EXERCISE AIM →
For this exercise, an exact copy is needed of only the lines from the one containing "2024年上半年,中基50稳" through the end of the data, with pictures left out.

RAW DATA →
------------------------------------
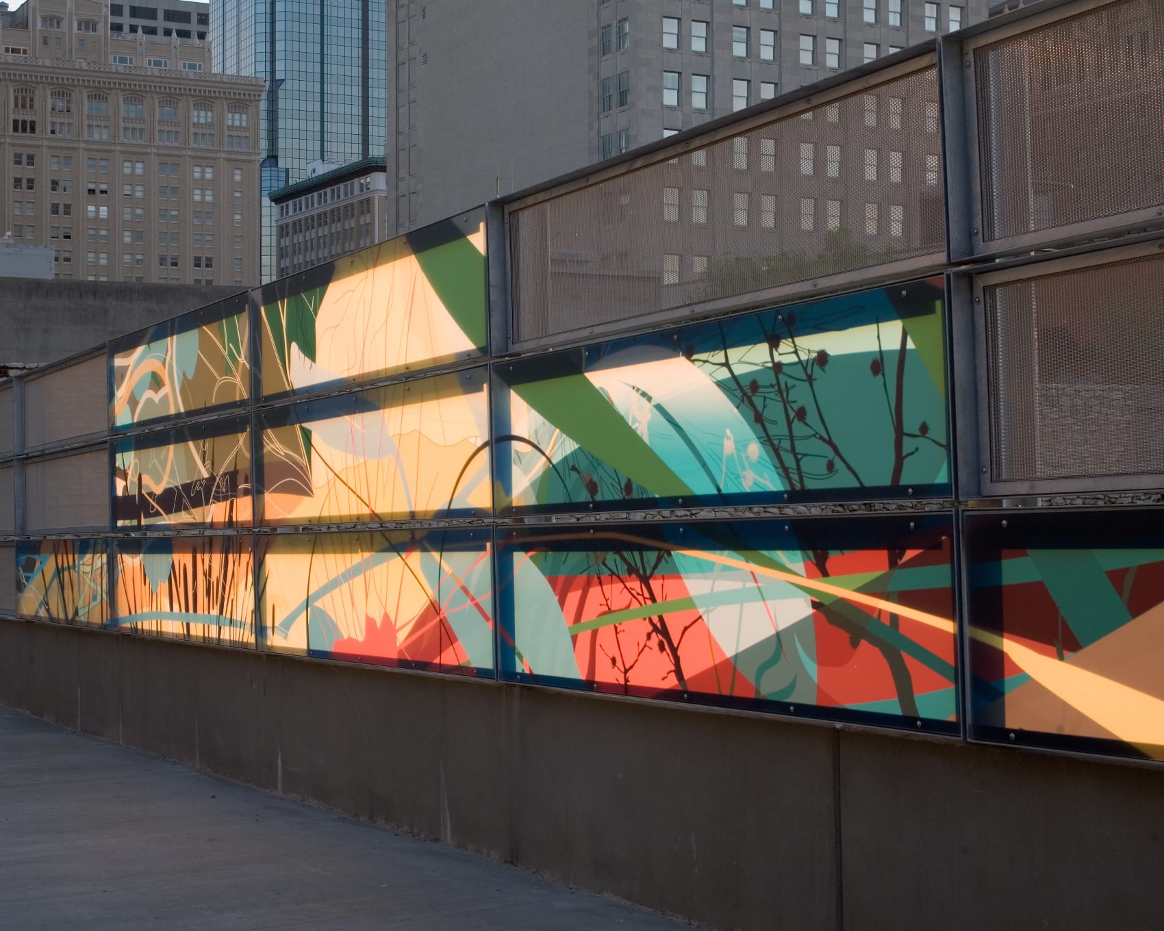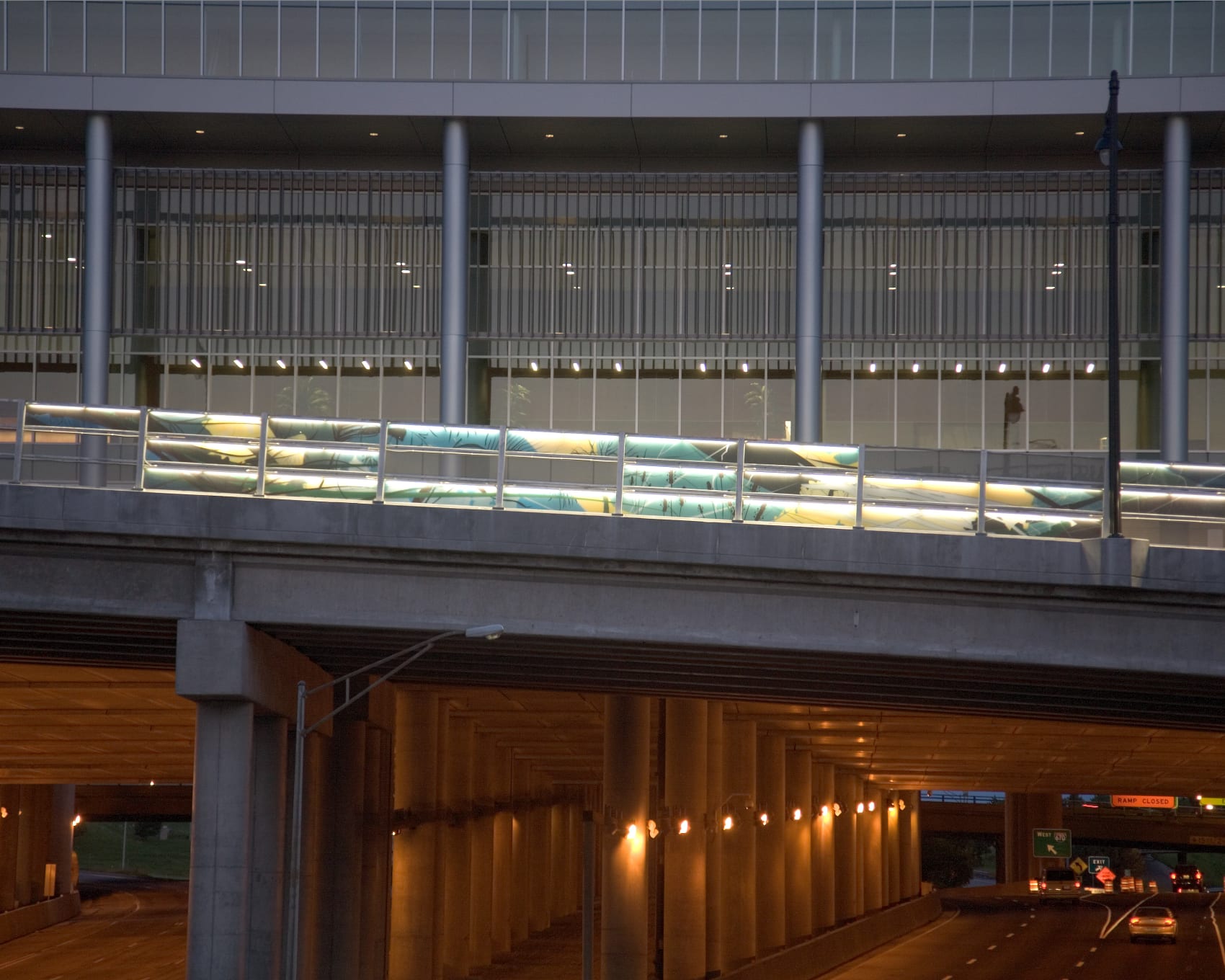 View MoreLessIn 2006, El Dorado teamed up with local motion graphics firm MK12 to win a competition to design the new guardrail system for the Wyandotte Bridge in downtown Kansas City. The design is the result of an intensive collaboration and integrates a novel (and MODOT code-compliant) structural design that serves to house an integral and easily-maintained lighting element. The graphics for the system suggest a rich diversity of natural landscaping which is a direct contrast to the expansive interstate system below. The “landscaping” will glow at night, providing a safe pedestrian path across the bridge in addition to an interesting visual element for the cars passing below on I-670.
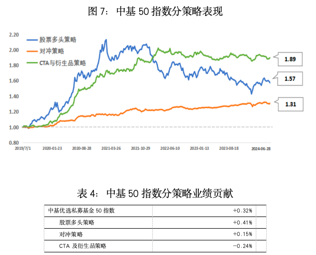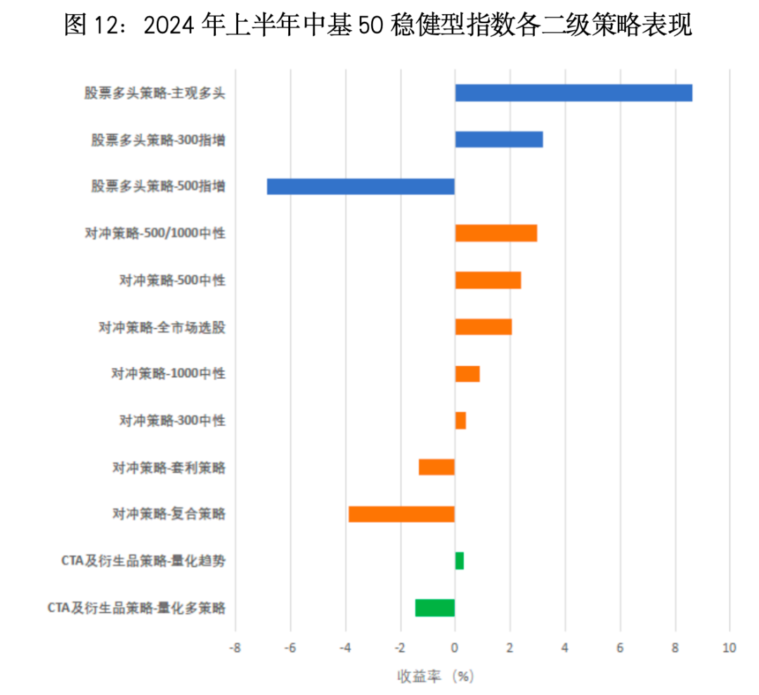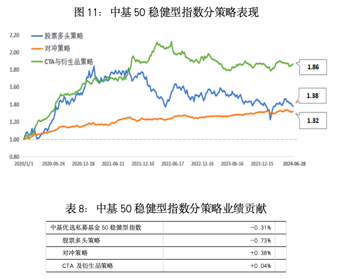 2024年上半年,中基50稳健型指数基本持平,三大策略中对冲策略贡献了0.38%,股票多头策略亏损0.73%,CTA与衍生品策略盈利0.04%。
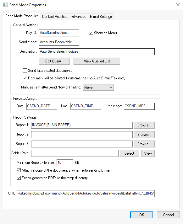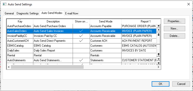 > Auto Send Options > Auto Send Modes from the main EBMS
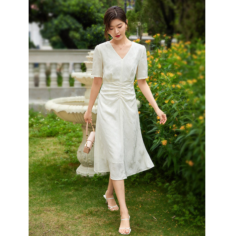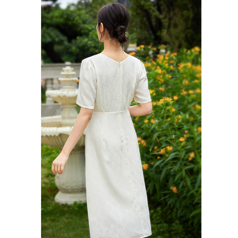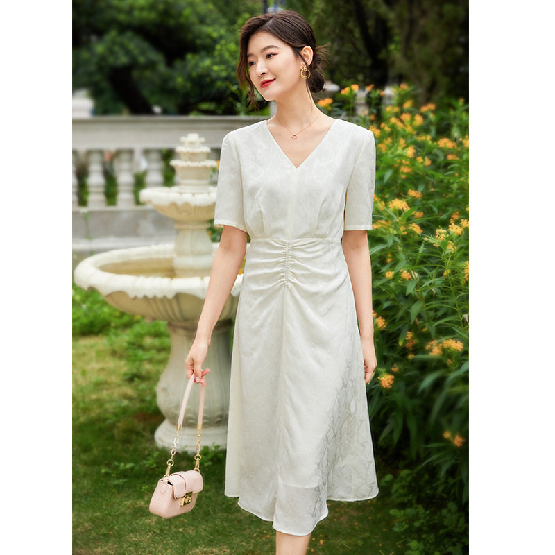 裙子 纯色高腰气质A字显瘦中长款 夏日摩登法式 仿醋酸连衣裙女短袖
------------------------------------
RESPONSE BOX →
 2024年上半年,中基50稳健型指数基本持平,三大策略中对冲策略贡献了0.38%,股票多头策略亏损0.73%,CTA与衍生品策略盈利0.04%。
 > Auto Send Options > Auto Send Modes from the main EBMS
 裙子 纯色高腰气质A字显瘦中长款 夏日摩登法式 仿醋酸连衣裙女短袖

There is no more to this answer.